The narrator, Lizzie, a lapsed PhD student living in Brooklyn, leaves school before completing her dissertation. She raises her young son, Eli, with her husband, Ben. Presently, she works in the library of her former university and serves as an assistant to her former dissertation advisor, Sylvia. Sylvia runs a popular podcast, The Center Cannot Hold, and Lizzie spends much of her time answering letters on Sylvia’s behalf. Increasingly, Lizzie's passion involves managing her own environmentally themed podcast, Hell or High Water. Lizzie’s brother, Henry, is a recovering addict. To help Henry, Lizzie spends a great deal of her time taking care of his newborn daughter.

Because of her fears about climate change, Lizzie wrestles with her own mortality and that of her family. She attends Christian and Buddhist religious services in search of spiritual answers. Lizzie also confers with a Zen meditation expert who frequents the library where she works. She describes the meditation expert as "mostly enlightened," a recurring theme in a book that sees Lizzie grapple with the knowledge of climate change and the desire to do something about it, but also a lack of agency in terms of sparking systemic progress.



The story is largely told through a series of loosely connected episodes. In one, Lizzie struggles with the idea that to become a Buddhist she must let go of everything. The idea of letting go of everything when a person has a young child to care for is difficult for Lizzie to fathom. Her meditation teacher poses the argument that, through reincarnation, "everyone here has done everything to everyone else." This proverb is particularly relevant to the issue of climate change, given the book's argument that a huge number of middle- and upper-class Americans like Lizzie deserves at least some blame for the climate crisis.
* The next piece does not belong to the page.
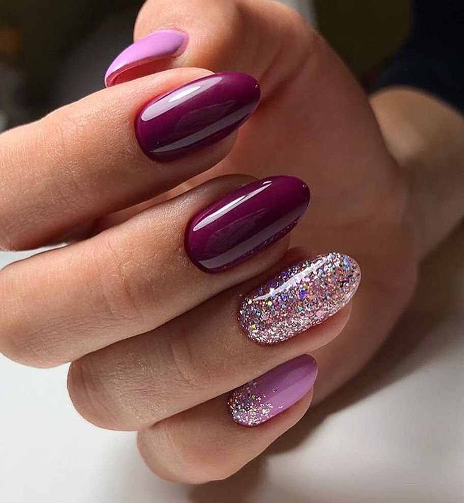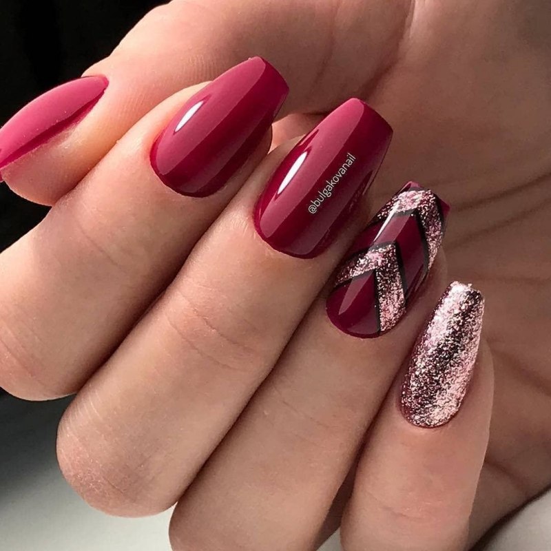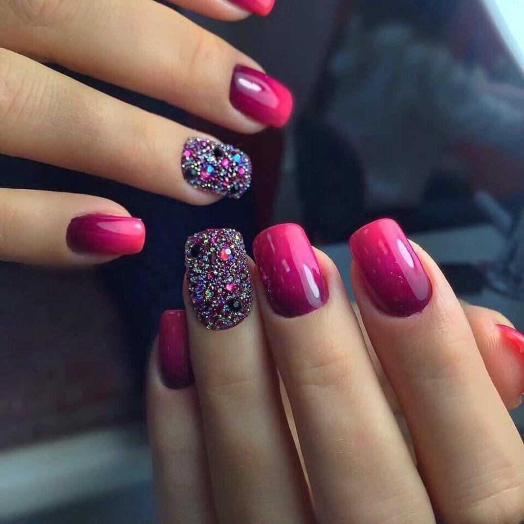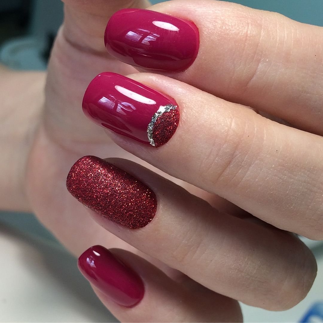 Малиновый маникюр с блестками
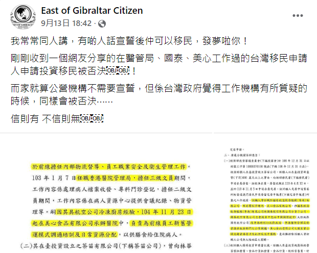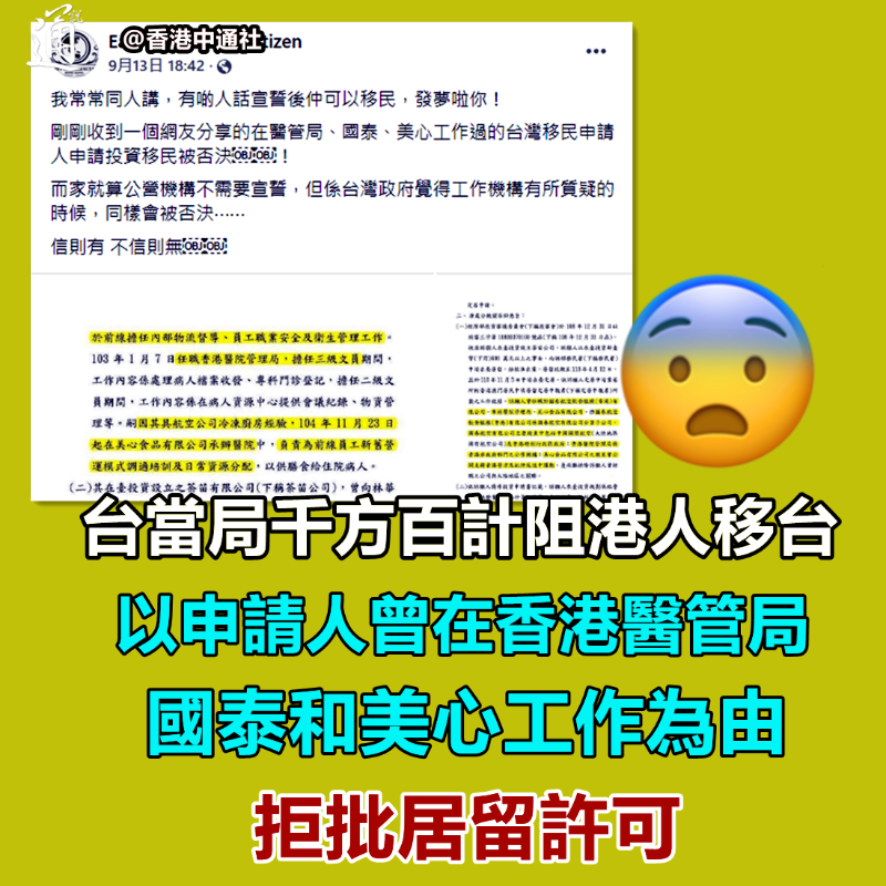 曾在國泰及美心工作,香港人被拒絕移台?香港新聞網9月15日電 在香港國泰航空及美心公司工作過,就不能移居台灣?台當局拒絕港人移台的理由越來越匪夷所思了…… 早前,不斷有港人哭訴闖台“失敗”,不過原因大多集中於他們曾在中企任職或“內地出生”成了原罪。近期,有社交媒體專頁分享一名港人移台被拒的案例時,義憤填膺地指出,台灣“移民署”以申請人曾在香港醫管局、國泰和美心工作為由,拒批居留許可。 “就算公營機構不需要宣誓,但是台灣當局(對)工作機構有質疑的時候,(申請)同樣會被否決⋯⋯”該社交媒體專頁提醒。

All the while, Lizzie faces the impossibility of striking an appropriate work-life balance, a challenge made more difficult by the knowledge that climate change might bring about an Anthropocene extinction event.

As time goes on, Lizzie devotes increasing energy to her Hell or High Water podcast. She also becomes something of a climate survivalist, hatching plans for what she calls her "doomstead." She plans to build a domicile on a hill that will protect her and her family from both floods and post-apocalyptic attackers. Lizzie also compiles several survival tactics. She learns how to use a battery and a gum wrapper to start a fire. She also learns how to trap fish with a shirt and her own spit.

Meanwhile, Lizzie deals with her brother Henry's bizarre fear of harming his newborn daughter. A recovering addict, Henry struggles to accept that he can ever be a good father. At one point, he writes down a list of all the ways he could accidentally harm his daughter and reads them aloud to Lizzie in an effort to prevent these things from occurring. Henry has frightening visions of burning, flaying, smothering, or strangling the baby girl. Certain that Henry would never really do these things, Lizzie tears apart the sheet of paper. At the same time, she recognizes that she too stands to burn and smother her own son because of humanity's collective unwillingness to address climate change.



At home, Lizzie's son plays the video game Minecraft, building his own virtual world that thrives while the real world burns. She struggles to square the minutiae of paying bills and making sure Eli washes his hands with the impending doom she perceives in every waking moment. Lizzie also debates with herself over the nature of pain and suffering. She cannot determine if intense personal pain makes an individual more empathetic to the pain of others, or blind to suffering outside of an individual's own experiences.

In the end, little is resolved for Lizzie. In a phone call, Sylvia tells her, "Of course, the world continues to end." In response to this, Lizzie hangs up the phone and tends to her garden, a small ecosystem like Eli's Minecraft world that she can control and cultivate as a coping mechanism to address the fact that the larger world around her is dying.

Weather offers a compelling domestic narrative while also addressing urgent questions about the future of planet Earth.